With access to the email account used to manage enquiries on Holiday Lettings, the hacker would also have access to your enquiries and could pose as the legitimate owner of your home. They would have the potential to respond to your enquiries, to acquire payments from holidaymakers, or simply set up automatic forwarding of your emails to their own accounts (probably without you even realising).

The good news is that this can be avoided by taking some precautionary measures. Our checklist will help you to keep your online accounts safe.

For ease of reference, we've numbered them below:

  1. Avoid being caught out by phishing emails

  2. Install anti-virus and anti-malware software on your devices

  3. Use different passwords for all of your accounts

  4. Keep your email address used for your enquiries private

  5. How to spot fake enquires

  6. Log into your Holiday Lettings account regularly

1. Avoid being caught out by phishing emails

What is ‘phishing’? Phishing is the practice of sending emails that appear to be from a trustworthy source in order to acquire sensitive information (e.g. login/passwords, credit card details) for fraudulent purposes.

The risk: clicking on a link directs you to a site that looks like Holiday Lettings but actually has a slightly altered or misspelt URL (e.g.; you input your login details and the scammers then know how to access your Holiday Lettings account. Some advanced scams use programs to remotely collect or establish your login/password details simply as a result of you replying to an email or clicking on a link within an email.

How to protect yourself from phishing:

  • Be extra vigilant when perusing enquiry emails. We do our best to prevent spam enquiries from reaching you, but please watch out for spam enquiries too.

  • Keep an eye out for phishing emails. Don't click on links in suspicious emails and never input sensitive information on websites that look familiar but not quite right. Never log into any sites if you can’t see the ‘https’ in the address bar. We will never ask you to log into any site other than Holiday Lettings.
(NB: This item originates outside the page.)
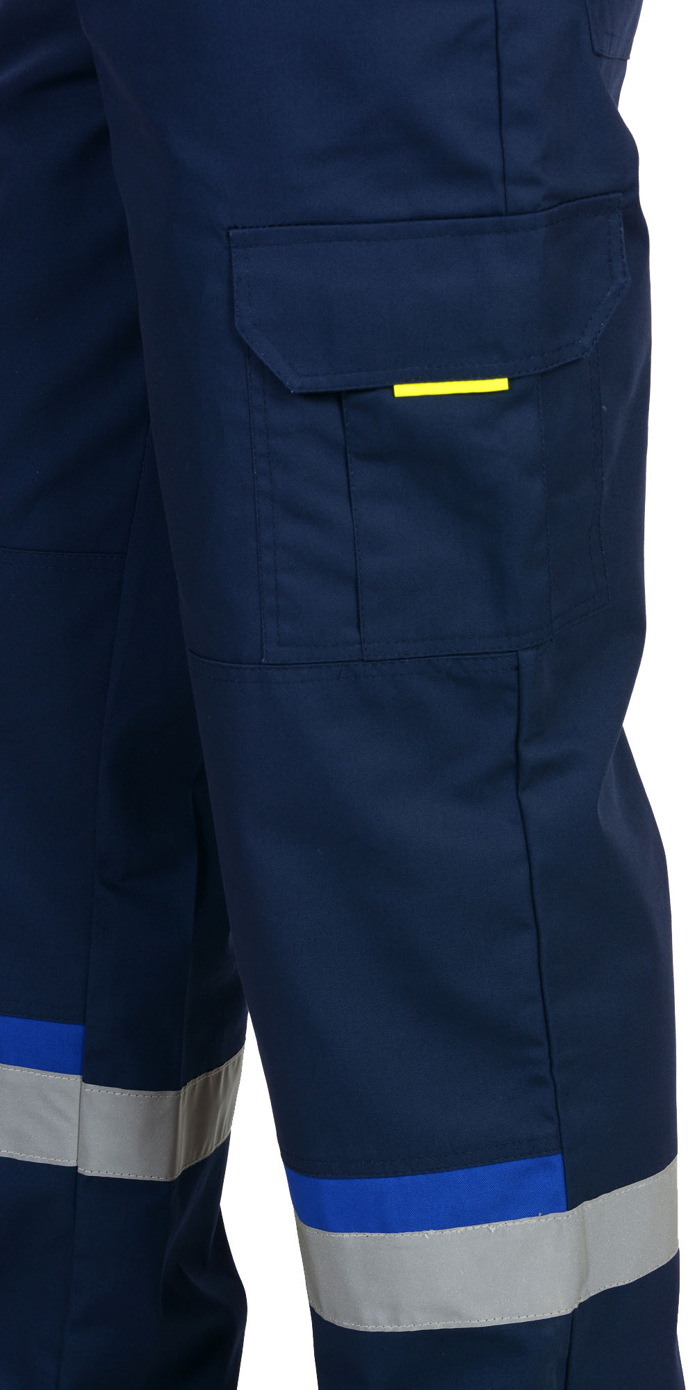 Брюки с застёжкой спереди на молнию, с внутренними боковыми карманами, с наколенниками, с накладным карманом на левом боковом шве с клапаном на липучке с патой, с двумя карманами на задних половинках и карманами для инструментов. По низу брюк настрочена СОП.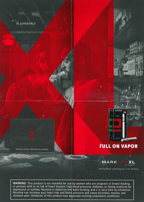 Direct mail from MarkTen in September 2016 to promote their XL product and deliver coupons, including an online discount. Image shows men at a bar playing cards. Text: "XL Draw. XL Experience."

An example of a typical phishing email:

"Thanks for the response to my enquiry. My colleague rented a property 2 weeks ago from a different owner, please confirm to us if your property has exact facilities. You can view the pictures by clicking on the link below, please get back to us soon so we can make up our mind on what to do. It is a secured site, so you'll be required to login before you can view it!/home.html”

In this example, the fraudster is attempting to collect log in details by directing the recipient to a phishing site. However, it’s also possible that clicking on the link itself could download a virus onto your device. We don’t want you to miss out on any genuine enquiries, so if you receive an enquiry you’re not sure about, please do get in touch with us and we can advise.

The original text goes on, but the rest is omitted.